The Bottom Line
Pros
- A refreshing non-textbook entree to geology
- An inexhaustible source of cool trivia
- A clinic in nonfiction writing that is not dry
- Excellent illustrations and color photographs
Cons
- Requires sustained attention for best results
- Small print and lapidary prose challenge late-night readers
Description
- Examination of sand and related topics from all angles
- Excursions into Earth science, history, biography and technology
- Liberally seasoned with lore, trivia and literary asides
Guide Review - Sand: The Never-Ending Story by Michael Welland
Sand has a central role in geology, of course; it occurs loose on the ground, locked in bedrock, even lying in dunes on other planets. Geologists know that a grain of sand has a thousand lives and is truly a never-ending story, analogous to an atom in chemistry. But to most people sand is something else. It's the stuff of beaches and deserts, a medium of play, a raw material for a thousand purposes. In Sand, Welland has looked closely at all of this and organized an expertly guided tour for inquisitive adult readers.
Any comprehensive book about sand is a collection of facts, factlets, narrative and pictures that is rather like geology itself: always leading toward other subjects and specialties. A geologist is challenged to grasp this sprawling topic in geology alone, but sand drifts into extremities beyond Earth science itself. For instance, sand, or to be more precise granular material, is a distinct state of matter between solid and liquid that is a lively but obscure research topic in basic physics. Sand is also a fundamental material in technology, a commonplace in daily life and a rich source of metaphor and simile in literature.
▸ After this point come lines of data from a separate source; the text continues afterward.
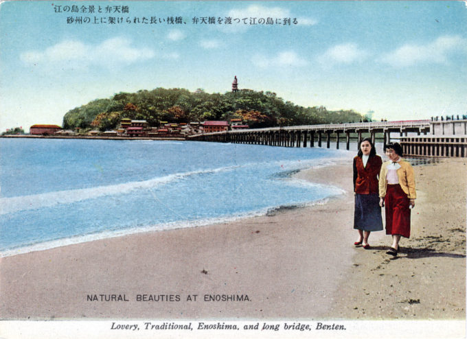 “Enoshima, with the glittering sea and upbeat atmosphere of Shonan, is currently popular for marine sports, such as yachting, surfing and beach volleyball. With its bathing beach and tourist spots, it attracts a great number of people from not only inside Kanagawa Prefecture, but also across the nation, every year.
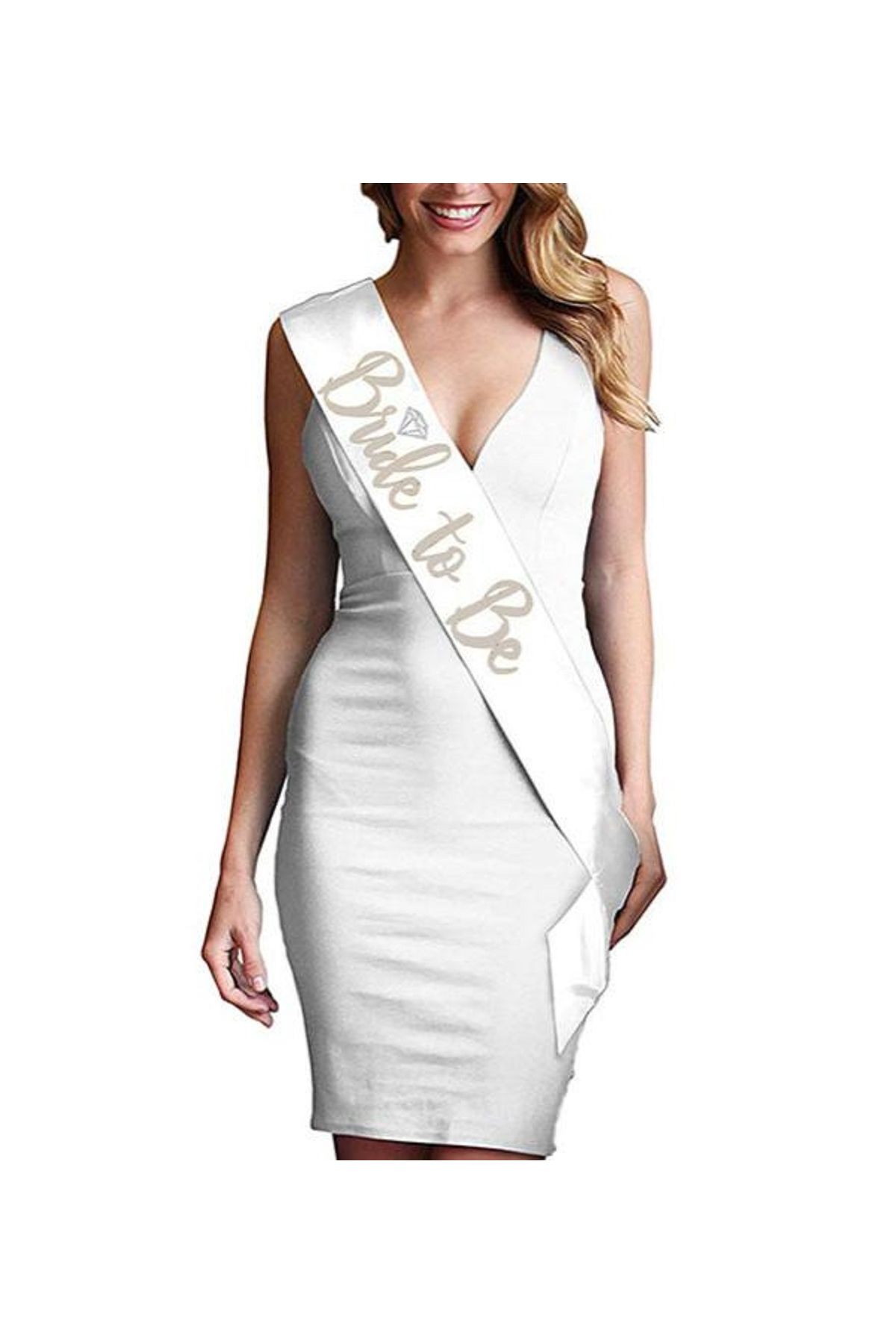 Bride To Be Saten Kuşak Beyaz Üzeri Metalize Gümüş Yazılı 160x9.5 cm
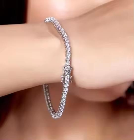 สร้อยข้อมือเพชรโมอิส5.0มม. สำหรับผู้หญิงสร้อยข้อมือเพชร3.00มม. 925กำไลข้อมือสีเงิน14kt สีทอง
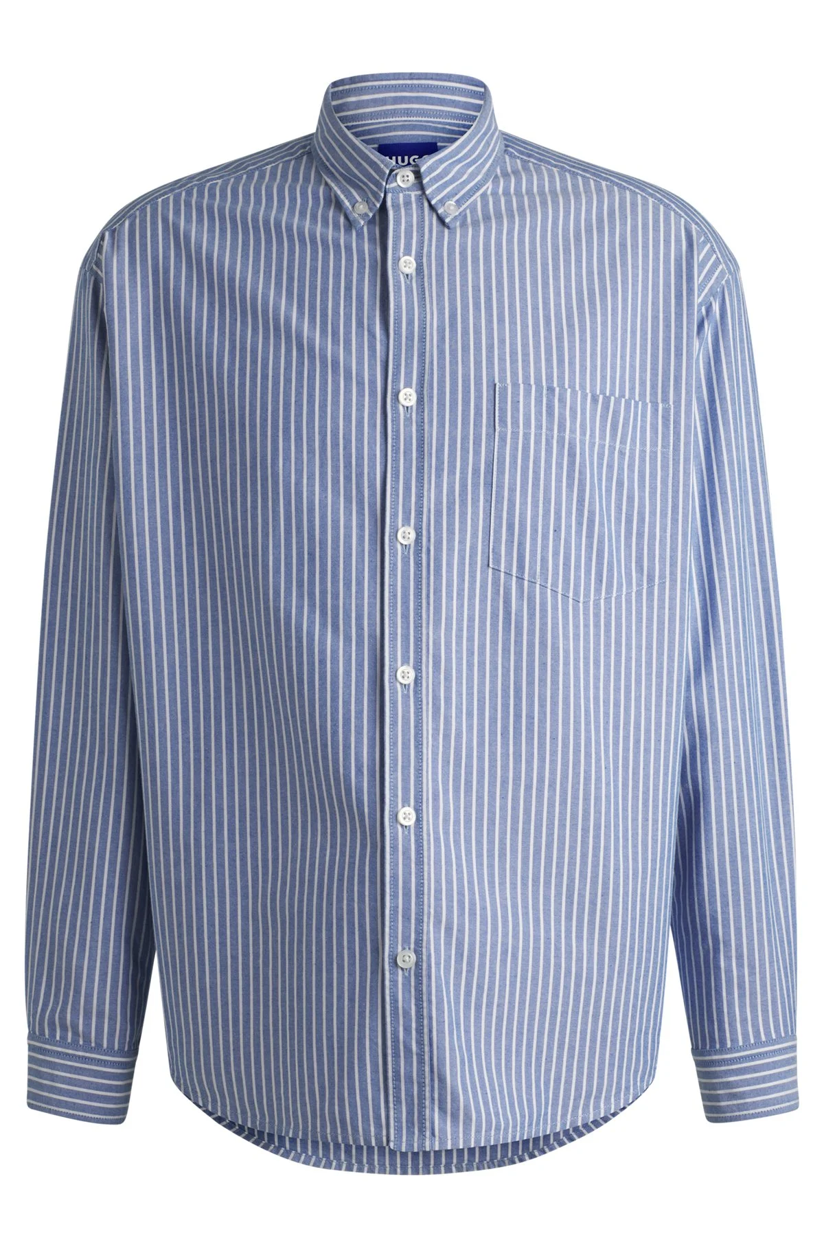 SIZE AND FIT The model wears a size M and is 6'2" tall with a, 31" chest, 26" waist and 35" hips. DETAILS Ebill - 50534183 A casual shirt with an Oxford weave by HUGO Menswear. This piece is cut to an oversize fit with a button-down collar. Oversized fit Button-down collar Patch chest pockets Barrel cuffs QUALITY & CARE INSTRUCTIONS Iron Low Heat Machine Wash Cold Quality: 100% Cotton Do Not Bleach Do Not Tumble Dry Do Not Dry Clean
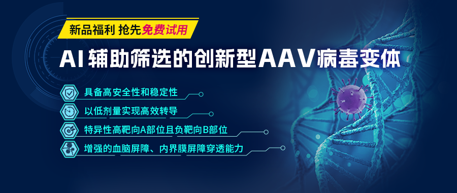 利用自主研发的AI技术和湿实验(wet lab)方法,我们能提供更为安全便捷、精准靶向目标部位的新型AAV病毒变体,其特异性和转导效率经多维度数据验证。为助力神经、眼科等疾病研究,现开放多类型AAV病毒变体的免费试用,期待更好地推动相关疾病研究及新药研发。欢迎拨打400-680-8038或邮件至info@cyagen.com联系我们。

Fortunately Welland is a researcher of unflagging curiosity and a writer of great organizing skill. He bridges the sciences and humanities with ease. When discussing the sands of the desert, for instance, he takes time to quote Herodotus and Balzac before he launches into the geography. Elsewhere he brings to life the insights of the Earth artist as well as those of the sedimentologist. He delves into manufacturing, where sand is involved with everything from toothpaste to concrete. He even throws in an A-to-Z chapter on "Sand in Our Lives" as an encyclopedic gesture.
Sand the book starts by defining sand the substance: it's purely, and merely, a matter of size. But by the book's end Welland has touched seemingly all of history, Earth and space. This is a rare achievement that guarantees the pleasure of learning with every rereading.